The changes are captured in the 2023 Edition of “California Laws Governing Business Entities Annotated,” releasing this month from CSC Legal Publications® in collaboration with LexisNexis®.

The 2023 edition includes a Table of Sections Affected listing all legislative changes, as well as Blackline Amendment Notes that indicate exactly how the laws have changed. Legislative Analysis summarizes the most important changes to the law.

More than three dozen new case notes from state and federal courts interpreting the law have been included in this edition, as well as five full-text cases discussing the latest legal developments regarding alter ego doctrine, inspection of documents, derivative suits, buy-out proceedings, and dissolution of an LLC. New cases are listed in the Table of New Annotations and marked with gray bars in the body of the book.

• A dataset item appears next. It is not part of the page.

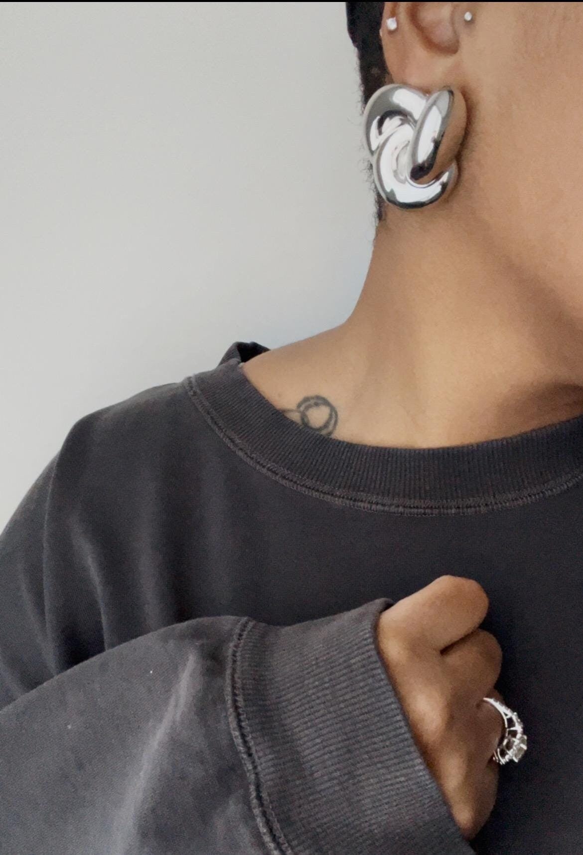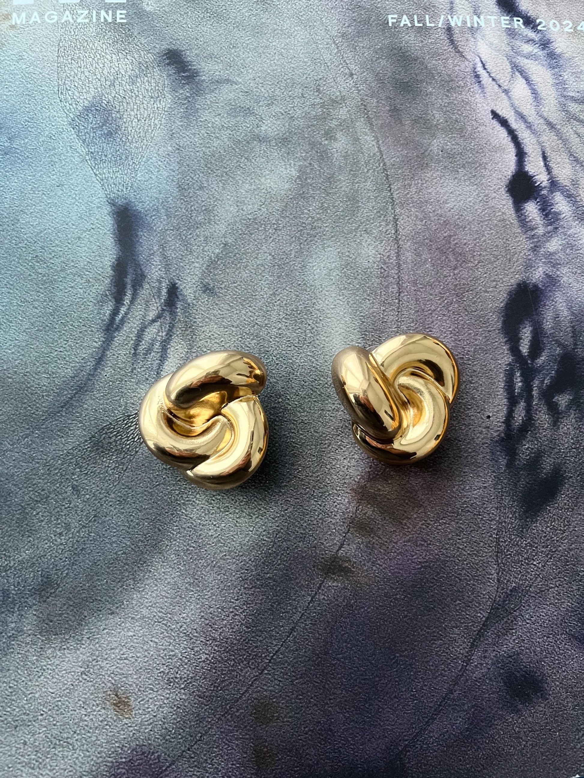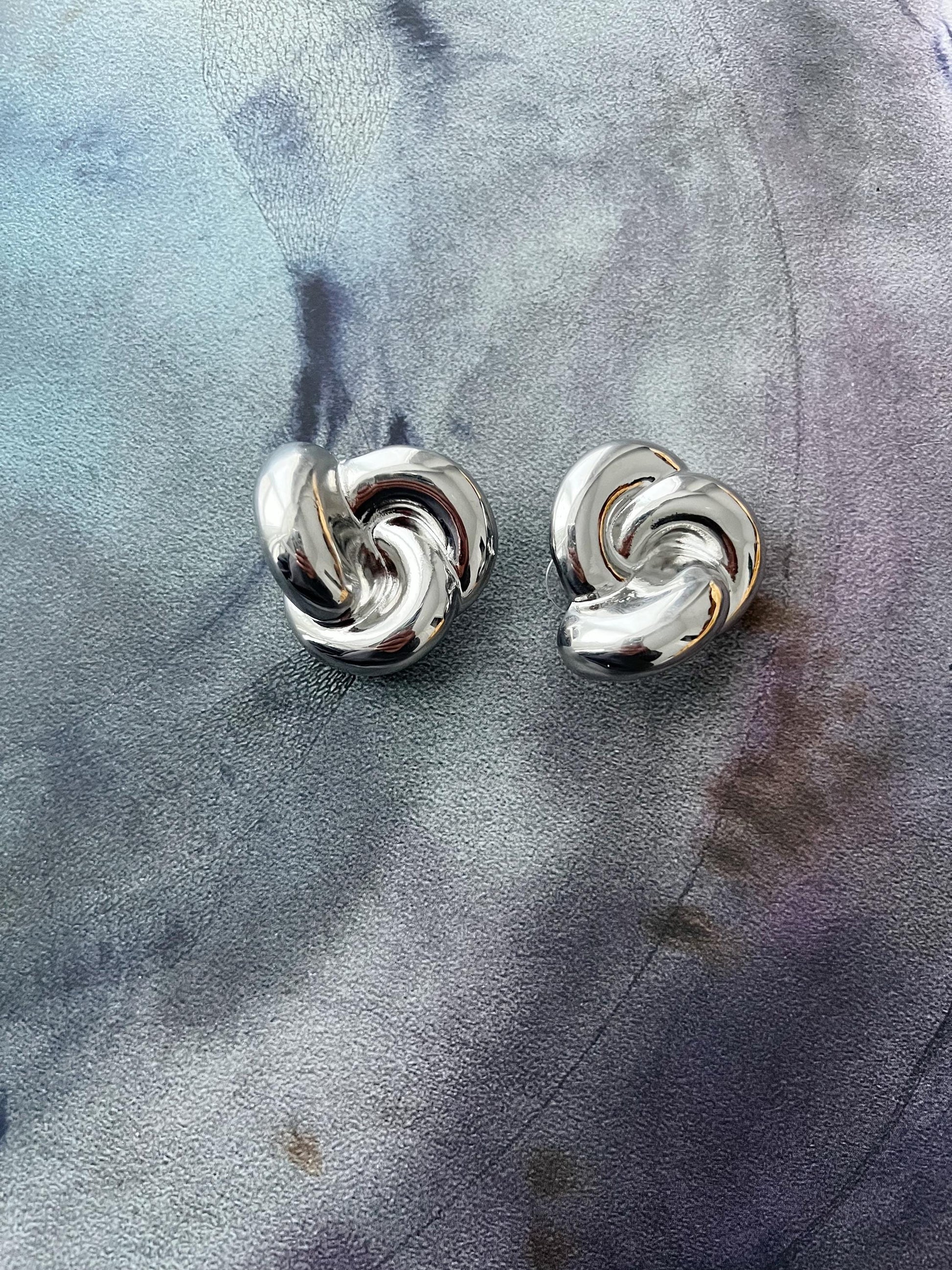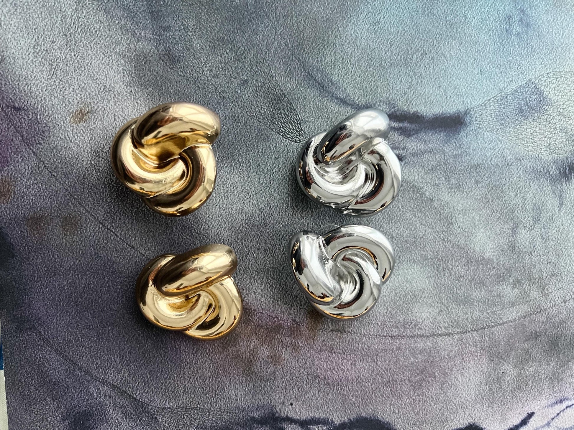 Turn heads with these sculptural twist knot earrings in polished silver and gold. A seamless blend of modern minimalism and bold geometry, these beauties are made to catch the light—and everyone's attention. Whether you're pairing them with a sleek blazer or your favorite vintage tee, these stunners add an effortlessly cool look to any outfit.

Readers also get online access to more than 190 state and county forms for incorporation and formation, qualification, mergers, dissolution, and name reservation for all business entity types via the LexisNexis Bookstore download center. A list of forms and contact information for the California Secretary of State are included in the book’s appendix.

There’s also an up-to-date California Fee Schedule showing required fees for business filings with the secretary of state.

“California Laws Governing Business Entities Annotated” is available as a softbound book or as an eBook, compatible with dedicated eReader devices, computers, tablets, and smartphones that use eReader software or applications. It’s also available on the LexisNexis Digital Library.